REKLAMA
WAKACJE NA GIEŁDZIE

Tysiące protestujących w Berlinie przeciwko restrykcjom związanym z koronawirusem

2020-08-01 16:29, akt.2020-08-02 19:34
publikacja
2020-08-01 16:29
aktualizacja
2020-08-02 19:34

Tysiące osób protestowały w sobotę w Berlinie przeciwko restrykcjom, wprowadzonym w Niemczech w celu powstrzymania pandemii koronawirusa. Według manifestantów działania władz naruszają prawa i wolności ludzi.

Tysiące protestujących w Berlinie przeciwko restrykcjom związanym z koronawirusem
Tysiące protestujących w Berlinie przeciwko restrykcjom związanym z koronawirusem
fot. CHRISTIAN MANG / / Reuters

Podczas sobotnich wielotysięcznych manifestacji w Berlinie przeciwko wprowadzonym przez władze ograniczeniom związanym z koronawirusem zatrzymano 133 osoby, 45 policjantów zostało rannych - podała w niedzielę policja. Tego dnia w stolicy Niemiec doszło do kilku mniejszych zgromadzeń.

Trzech funkcjonariuszy, którzy zostali trafieni w twarz kawałkami wybitych szyb, wymagało hospitalizcji - sprecyzowała policja.

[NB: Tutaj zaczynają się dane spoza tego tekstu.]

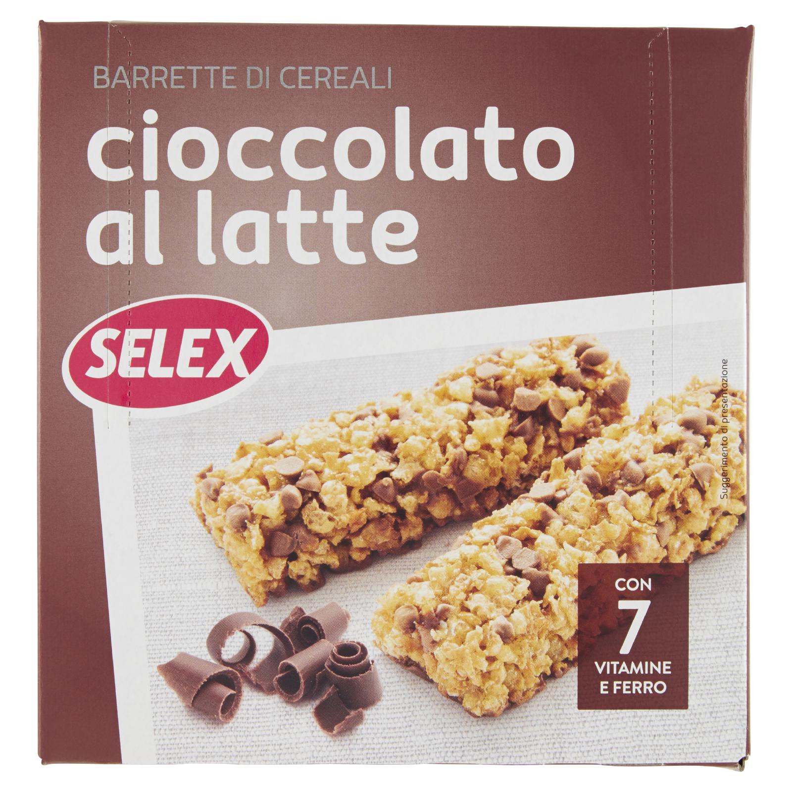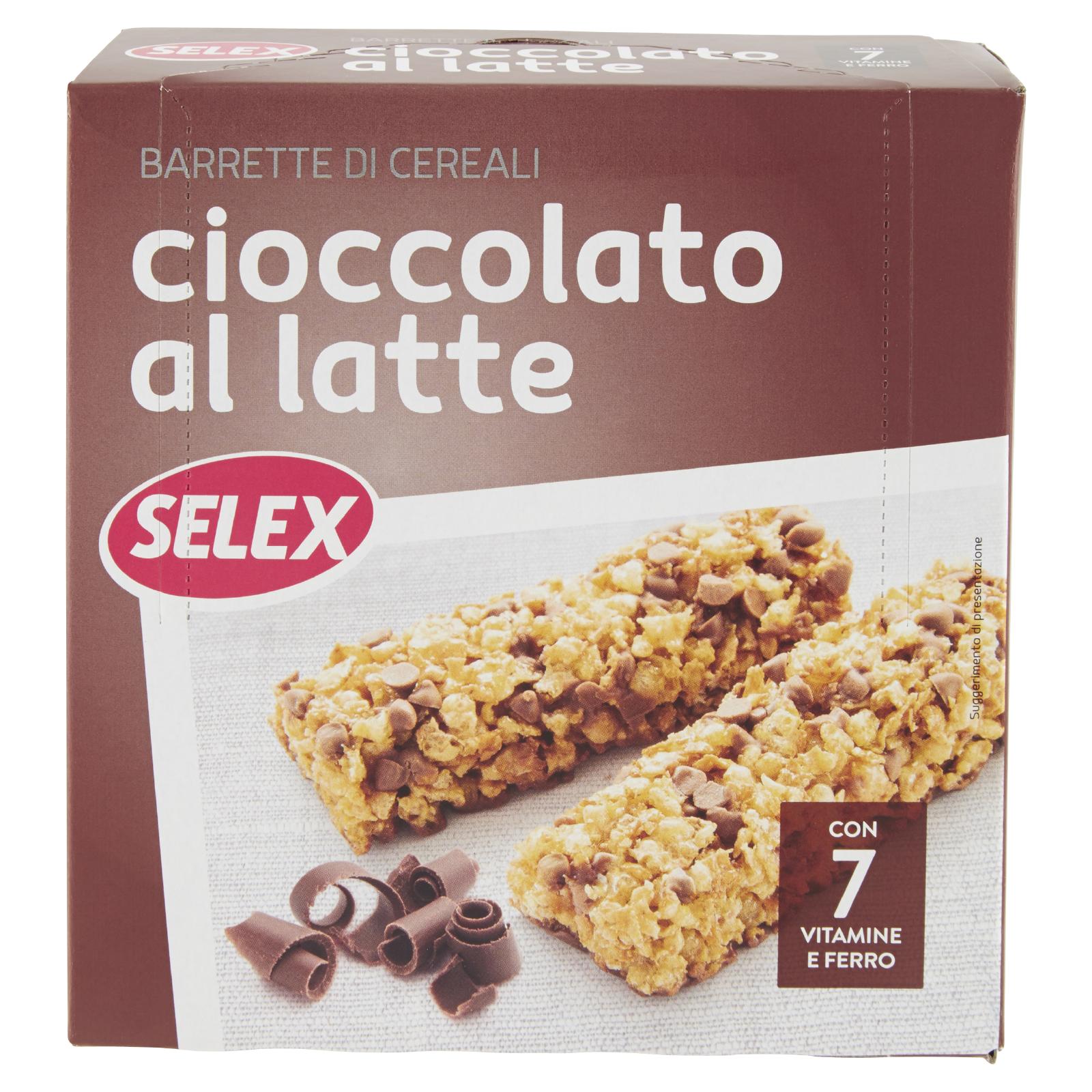 - Barrette a base di fiocchi di cereali con cioccolato al latte con aggiunta di vitamine (B1, B2, B5, B6, PP, acido folico, B12) e ferro

Według jej szacunków w jednej manifestacji, która odbyła się w sobotę w centrum Berlina, wzięło udział 20 tys. osób: "wolnomyśliciele", antyszczepionkowcy, zwolennicy teorii spiskowych i sympatycy skrajnej prawicy - podaje agencja AFP.

Protestujący tańczyli i śpiewali, że "są wolnymi ludźmi" w rytm melodii utworu "We Will Rock You" zespołu Queen.

Inni maszerowali z transparentami z napisem: "Robimy hałas, ponieważ kradniecie naszą wolność!". "Pomyśl! Nie noś maski!".

Do protestów wzywał Michael Ballweg, przedsiębiorca i polityczny outsider, który organizował już podobne wiece w Stuttgarcie i chce zostać burmistrzem tego miasta na południowym zachodzie Niemiec.

"Naszym żądaniem jest powrót do demokracji" - powiedział jeden z protestujących, który nie chciał podawać nazwiska. "Maska, która nas zniewala, musi zniknąć" - dodał. On, jak i większość uczestników demonstracji nie miało maski na twarzy.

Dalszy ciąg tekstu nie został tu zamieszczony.